Member of the U.S. House of Representatives from Ohio's 4th district
- In office March 4, 1881 – March 3, 1883
- Preceded by: J. Warren Keifer
- Succeeded by: Benjamin Le Fevre

Member of the Ohio House of Representatives from the Montgomery County district
- In office January 3, 1876 – January 6, 1878 Serving with Thomas F. Thresher, George A. Grove
- Preceded by: Christian A. Coler, James F. Thompson
- Succeeded by: Daniel Crossley, H. H. Hendricks, John O'Conner

Personal details
- Born: July 25, 1819 Berks County, Pennsylvania, U.S.
- Died: November 5, 1912 (aged 93) Miamisburg, Ohio, U.S.
- Resting place: Hill Grove Cemetery
- Party: Republican
- Spouse: Sarah Beck

= Emanuel Shultz =

American politician (1819–1912)

Emanuel Shultz (July 25, 1819 – November 5, 1912) was a shoemaker, merchant, manufacturer, banker and a member of the United States House of Representatives from Ohio for a single term from 1881 to 1883

==Early life and career ==
Emanuel Shultz was born in Berks County, Pennsylvania, the son of George and Mary (Vinyard) Shultz. He attended the public schools until he was eleven years old when his father died. He was compelled to leave school and depend on diligent self-study and was soon apprenticed to the trade of shoemaking. In 1838, he moved to Miamisburg, Ohio, where he engaged five to fifteen journeymen to make boots and shoes.

Shultz married Sarah Beck, of Miamisburg, on July 23, 1840. They had three daughters. Shultz was initiated a charter member of the Marion Lodge the Masons in 1844, a royal arch Mason and a Knight Templar. He was also a member of the Odd Fellows and Knights of Pythias.

==Banking career==
Around 1846, he became a trader in general produce, and became one of the largest and most successful commercial operators in the Miami Valley. One success built upon another and he soon was a leader in all the prominent enterprises of Miamisburg. Shultz was also a leading tobacco leaf dealer since 1853, Montgomery and Butler counties being major tobacco producing and manufacturing centers in Ohio and the United States throughout the last half of the 19th century. In 1865, he was one of the founders of the private bank of H. Groby & Co., and a principal in the Miami Valley Paper Company, which he organized in 1871.

==Political career==
Shultz began his political affiliation with the Whigs, but since the formation of the Republican party was a steadfast Republican. He served in most of the local minor offices and then in 1859 as Montgomery County Commissioner until 1862.

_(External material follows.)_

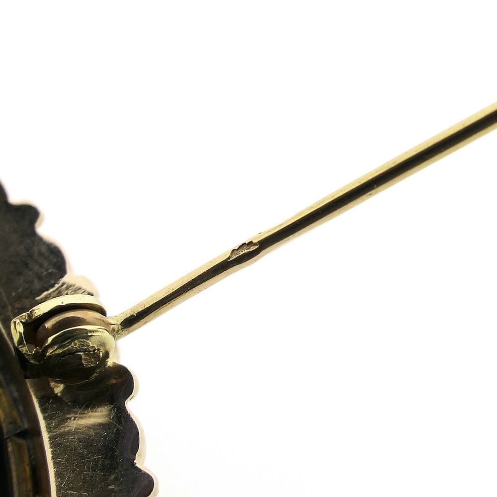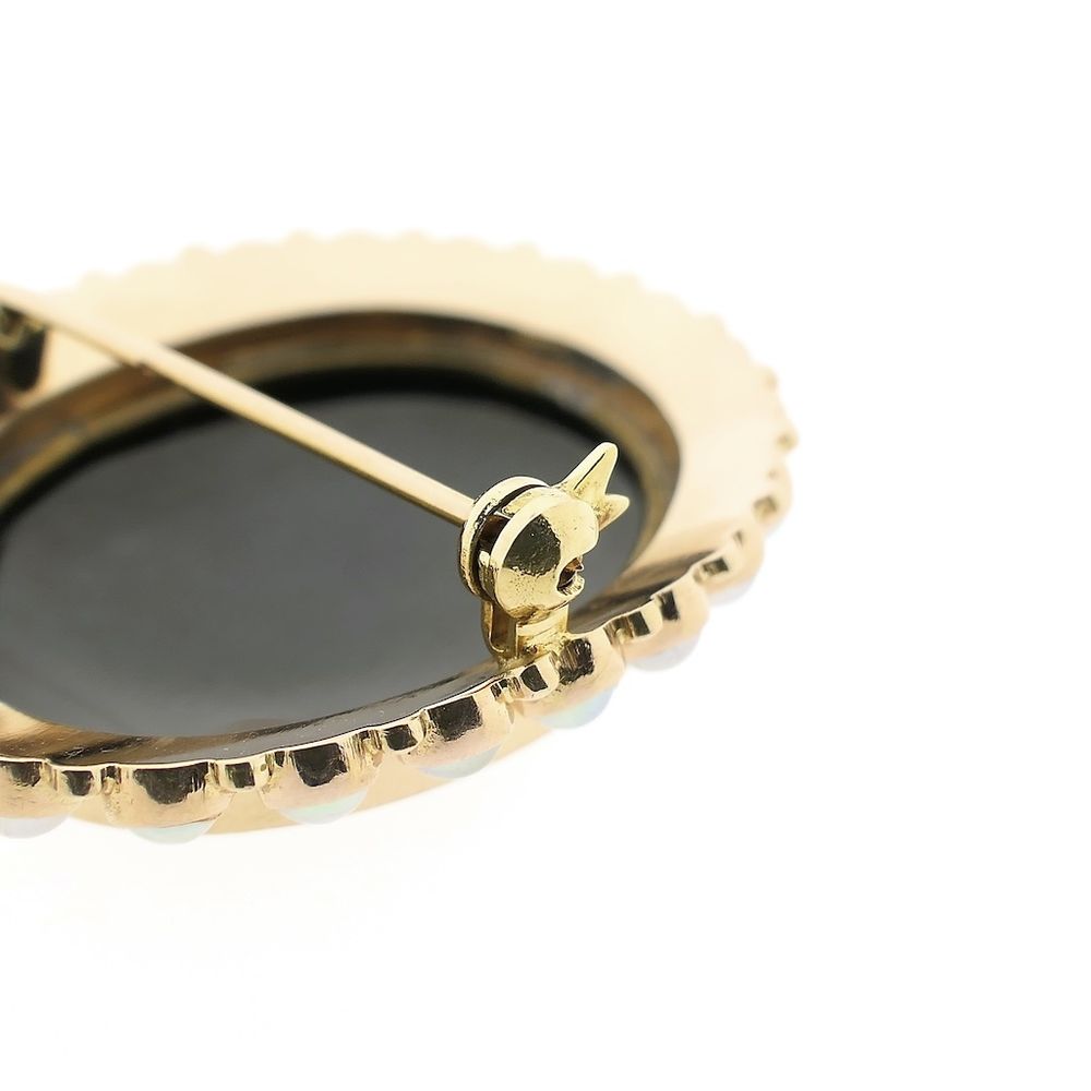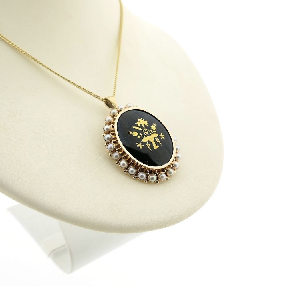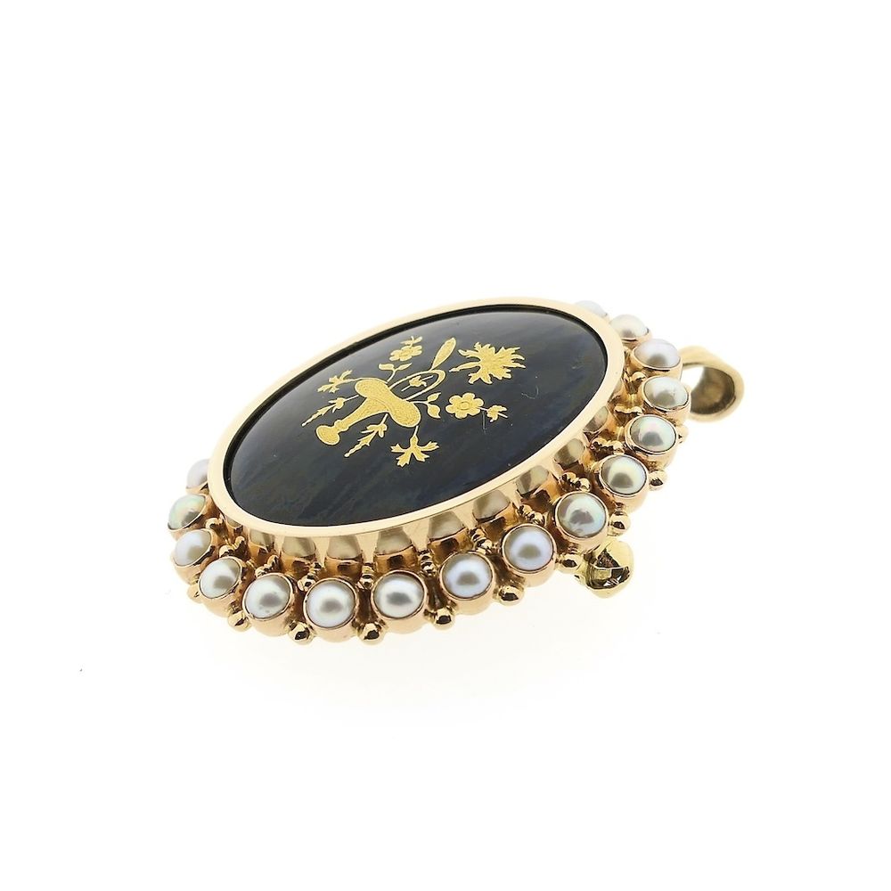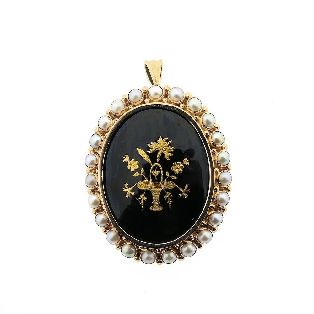 Antique two-tone gold brooch/pendant detailed with black enamel. The painting has a floral look and is crafted in yellow gold. The frame is elegant, and the edge is set with cultured pearls. The piece is crafted from 14-karat yellow and rose gold (585/1000).

In 1873, he was a delegate to the Ohio Constitutional Convention that revised the Ohio Constitution. The citizens, however, declined to adopt it in the subsequent referendum. In 1875, Shultz was elected to the Ohio House of Representatives, serving one term but was not a candidate for re-election.

=== Congress ===
In 1878, he ran in Ohio's 3rd congressional district against Democrat John A. McMahon, but was defeated. In 1880 after redistricting, Shultz again faced McMahon, but was narrowly elected to the Forty-seventh United States Congress from Ohio's 4th congressional district.

In 1882, he was redistricted back into the third district and was narrowly defeated by Democrat Robert Maynard Murray.

==Later career ==
Shultz returned to Miamisburg and again engaged in paper manufacturing. In 1881, he was one of the organizers and stockholders of the Lima Car Works, which built railroad freight cars and was later a part of Lima Locomotive Works, and also served as vice president of the company until he sold his interest about 1889. He was appointed postmaster of Miamisburg by President Benjamin Harrison in 1889, serving about five years.

==Death==
Shultz died at the age of 93 in Miamisburg; he was interred in Hill Grove Cemetery.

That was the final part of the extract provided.